In the listing below, find the line with "Шикарный букет из" and the line with "INGREDIENTS: Dried Potato", then return them and every line between them exactly, minus the pictures.

● Material for this exercise
------------------------------------------------------------------------
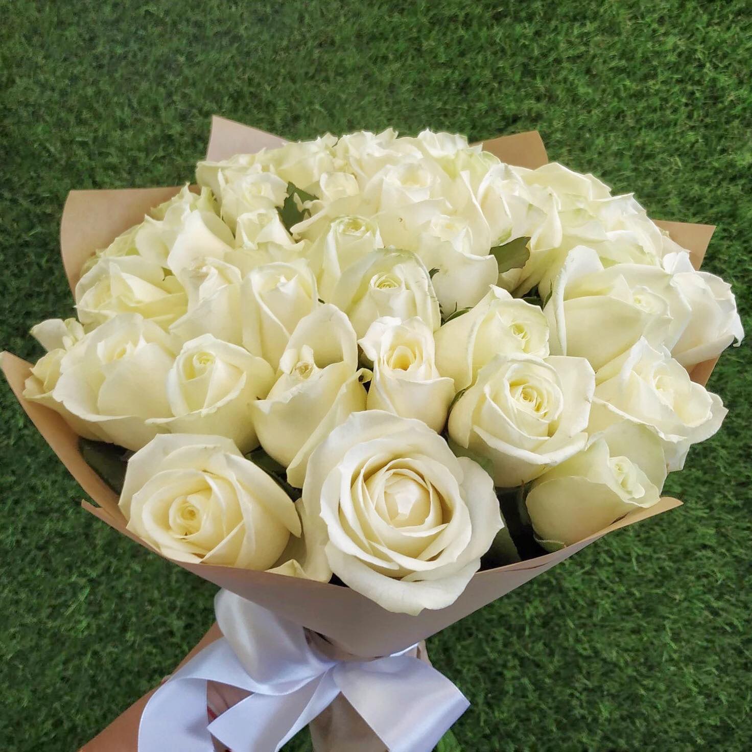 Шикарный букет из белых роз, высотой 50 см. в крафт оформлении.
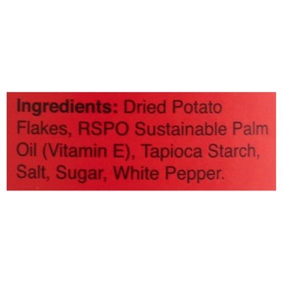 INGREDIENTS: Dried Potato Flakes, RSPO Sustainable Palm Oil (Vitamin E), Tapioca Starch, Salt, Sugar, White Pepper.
------------------------------------------------------------------------
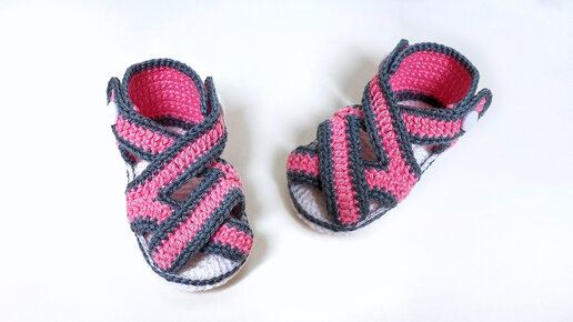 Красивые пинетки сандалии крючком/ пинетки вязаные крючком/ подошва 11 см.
------------------------------------------------------------------------
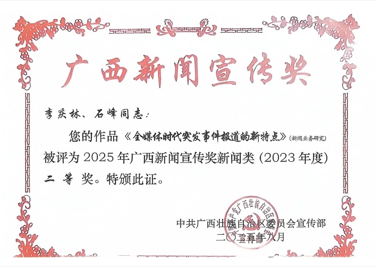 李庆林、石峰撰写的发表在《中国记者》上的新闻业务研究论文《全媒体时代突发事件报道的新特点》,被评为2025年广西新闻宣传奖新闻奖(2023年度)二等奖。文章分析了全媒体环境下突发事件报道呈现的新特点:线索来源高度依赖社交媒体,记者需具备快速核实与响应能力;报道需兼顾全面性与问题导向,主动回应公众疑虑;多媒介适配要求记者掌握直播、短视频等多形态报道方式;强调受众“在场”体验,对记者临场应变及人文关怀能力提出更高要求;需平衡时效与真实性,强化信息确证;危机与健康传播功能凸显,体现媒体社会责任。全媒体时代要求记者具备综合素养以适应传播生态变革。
------------------------------------------------------------------------
● Completed task
 Шикарный букет из белых роз, высотой 50 см. в крафт оформлении.
 INGREDIENTS: Dried Potato Flakes, RSPO Sustainable Palm Oil (Vitamin E), Tapioca Starch, Salt, Sugar, White Pepper.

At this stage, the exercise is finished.